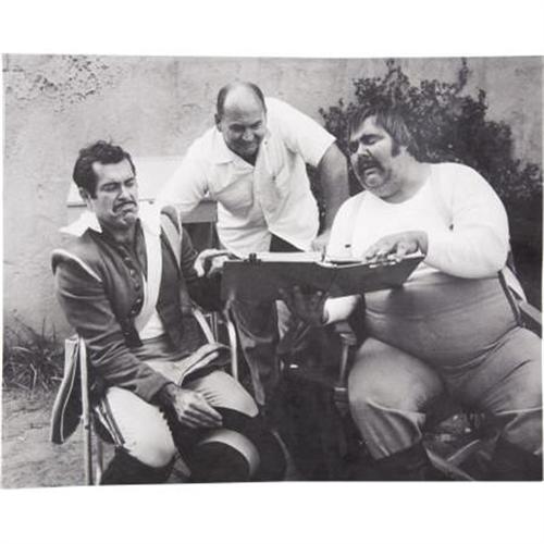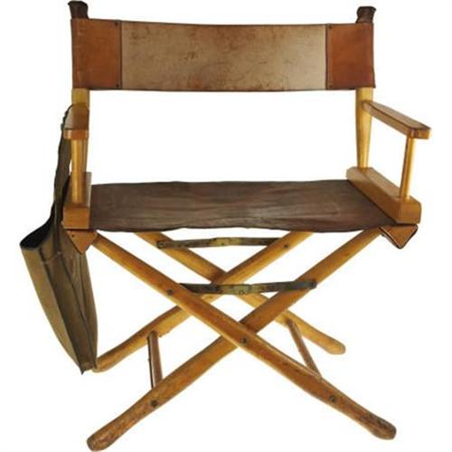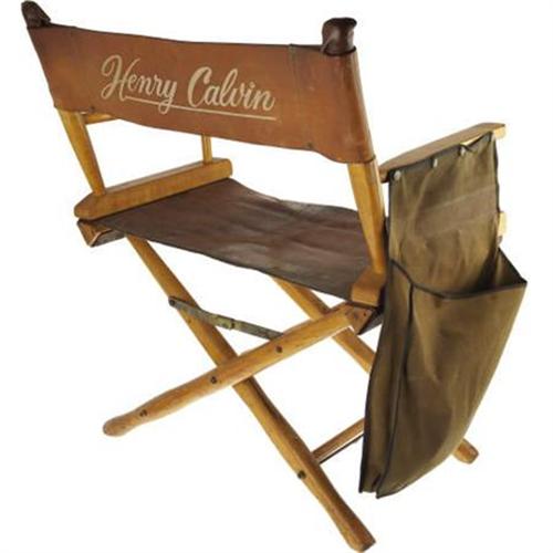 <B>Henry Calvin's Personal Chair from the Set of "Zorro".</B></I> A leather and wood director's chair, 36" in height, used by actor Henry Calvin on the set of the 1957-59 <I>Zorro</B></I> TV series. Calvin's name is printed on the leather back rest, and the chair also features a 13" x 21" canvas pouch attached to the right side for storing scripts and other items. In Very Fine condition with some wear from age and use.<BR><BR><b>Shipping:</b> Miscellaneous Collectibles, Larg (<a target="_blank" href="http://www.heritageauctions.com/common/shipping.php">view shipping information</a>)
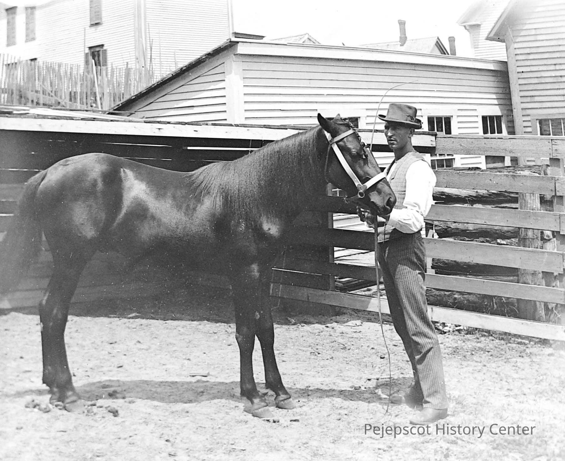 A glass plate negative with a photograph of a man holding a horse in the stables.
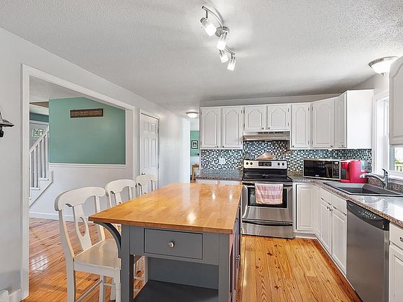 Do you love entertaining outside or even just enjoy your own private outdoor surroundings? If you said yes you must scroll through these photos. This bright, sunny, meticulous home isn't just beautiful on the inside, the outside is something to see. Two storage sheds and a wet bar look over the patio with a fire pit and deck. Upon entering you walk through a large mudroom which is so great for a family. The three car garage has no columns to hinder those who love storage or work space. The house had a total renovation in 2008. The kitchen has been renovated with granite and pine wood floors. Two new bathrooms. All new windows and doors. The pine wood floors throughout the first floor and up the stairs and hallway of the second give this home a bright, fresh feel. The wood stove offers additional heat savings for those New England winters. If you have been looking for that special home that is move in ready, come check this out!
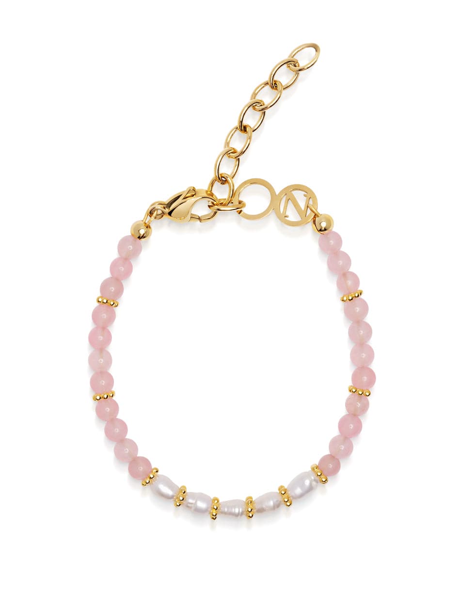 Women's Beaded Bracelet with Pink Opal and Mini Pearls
______
> **ASSIGNMENT**:
Would you restate, word for word and with no pictures, only the lines from the opening of the material through the line with "A glass plate", both included?

> **EXERCISE ANSWER**:
 <B>Henry Calvin's Personal Chair from the Set of "Zorro".</B></I> A leather and wood director's chair, 36" in height, used by actor Henry Calvin on the set of the 1957-59 <I>Zorro</B></I> TV series. Calvin's name is printed on the leather back rest, and the chair also features a 13" x 21" canvas pouch attached to the right side for storing scripts and other items. In Very Fine condition with some wear from age and use.<BR><BR><b>Shipping:</b> Miscellaneous Collectibles, Larg (<a target="_blank" href="http://www.heritageauctions.com/common/shipping.php">view shipping information</a>)
 A glass plate negative with a photograph of a man holding a horse in the stables.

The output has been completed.